薄薄一张纸,印着几行宋体字。末尾的数额,比四年前我刚入职时还低了一截。
冯岩把我叫进人事部时,特意泡了杯茶。茶叶梗在杯底竖着,他说这叫“好运来”。
“子墨啊,公司最近困难,你也知道。”他搓着手,语气诚恳得像在谈论天气,“市场不好做,好几个项目都黄了。管理层从上到下都在降薪,马总自己降得最多。”
我盯着那杯茶,没喝。
“理解。”我说。
“就是嘛,共渡时艰。”冯岩笑起来,眼角堆起细密的褶子,“你是老员工了,公司不会亏待你。等这阵子过去,该补的都会补回来。”
这话我听了五遍。
第一次降薪时,他说“暂时调整”。第二次,他说“战略性收缩”。第三次,他说“行业周期”。第四次,他说“优化成本结构”。
这是第五次。他用的是“共渡时艰”。
从人事部出来,走廊里空荡荡的。大部分同事已经下班,只有几间办公室还亮着灯。
我回到自己的工位,把那张通知对折,再对折,塞进钱包最里层的夹层。
钱包里还有前四张。按时间顺序排着,像一套逐渐贬值的纪念券。
手机震了一下。林语兰发来消息:“晚上想吃什么?我买了排骨。”
我回:“随便。”
她又发:“又挨批了?”
我没再回。
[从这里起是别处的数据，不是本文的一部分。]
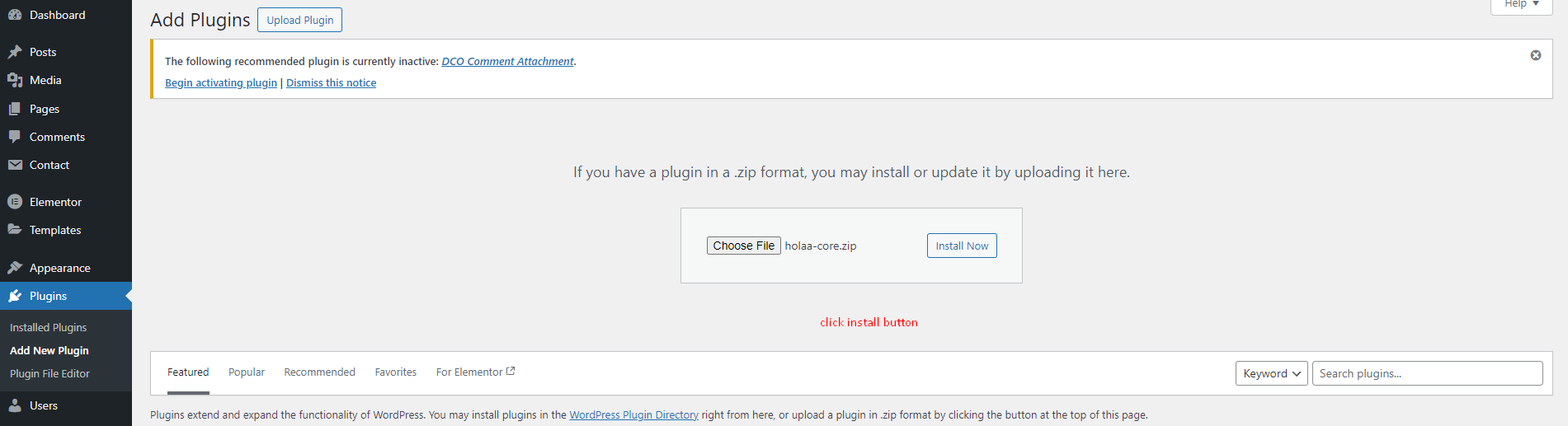 Click Choose File and select holaa-core.zip file.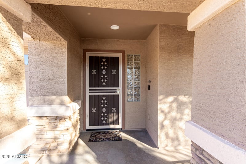 Bedrooms are generously sized, including a spacious primary suite with double-door entry. The primary bath offers a separate tub and shower, dual vanities, a private toilet room, and direct access to the covered patio, perfect for enjoying Arizona mornings or relaxing evenings outdoors.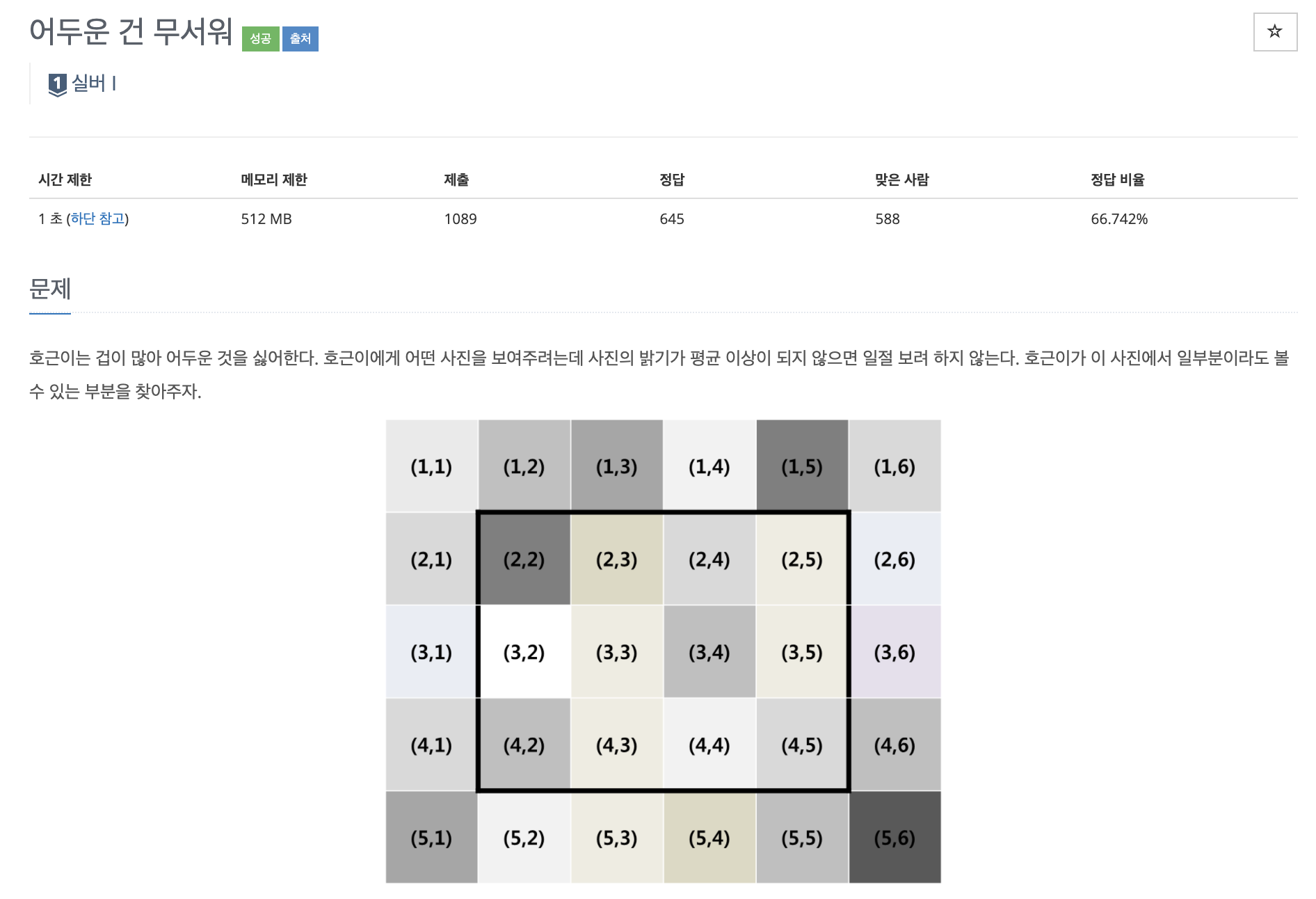 psum [i][j] : 오른쪽 아래 꼭짓점이 (i, j)에 있을 때 내부에 있는 밝기의 합이라고 할 때,

把手机屏幕扣在桌上。
窗外天色已经暗透,玻璃映出办公室里苍白的灯光和我自己的脸。二十八岁,眼角还没什么皱纹,但眼神里的东西,已经和四年前不一样了。
四年前刚入职时,马长荣亲自面试的我。
那时他还没这么胖,头发也没白这么多。他拍着我的肩膀说:“小徐,好好干,公司不会亏待年轻人。”
头两年,我信了。
每天最早到,最晚走。
经手的项目从没出过差错,客户满意度报表上,我的名字总排在前头。
年终奖拿过两次,数额不算惊人,但足以让我觉得付出有回报。
变化是从第三年开始的。
先是部门经理调走,空降了一个马总的远房侄子。接着我手里的核心项目被慢慢剥离,分给了几个新人。年底考评,我的分数莫名掉到中游。
冯岩找我谈话,说有人反映我“缺乏团队协作精神”。
我问他具体是谁反映的,他说不方便透露。
那是我第一次降薪。百分之十。
我没争辩。那时还觉得,也许真是自己哪里做得不够好。
现在想来,天真得可笑。
抽屉里还放着一份合同,下个月底到期。这五年里,公司从未主动提过续约,都是拖到最后几天,才由冯岩拿着新合同来找我签。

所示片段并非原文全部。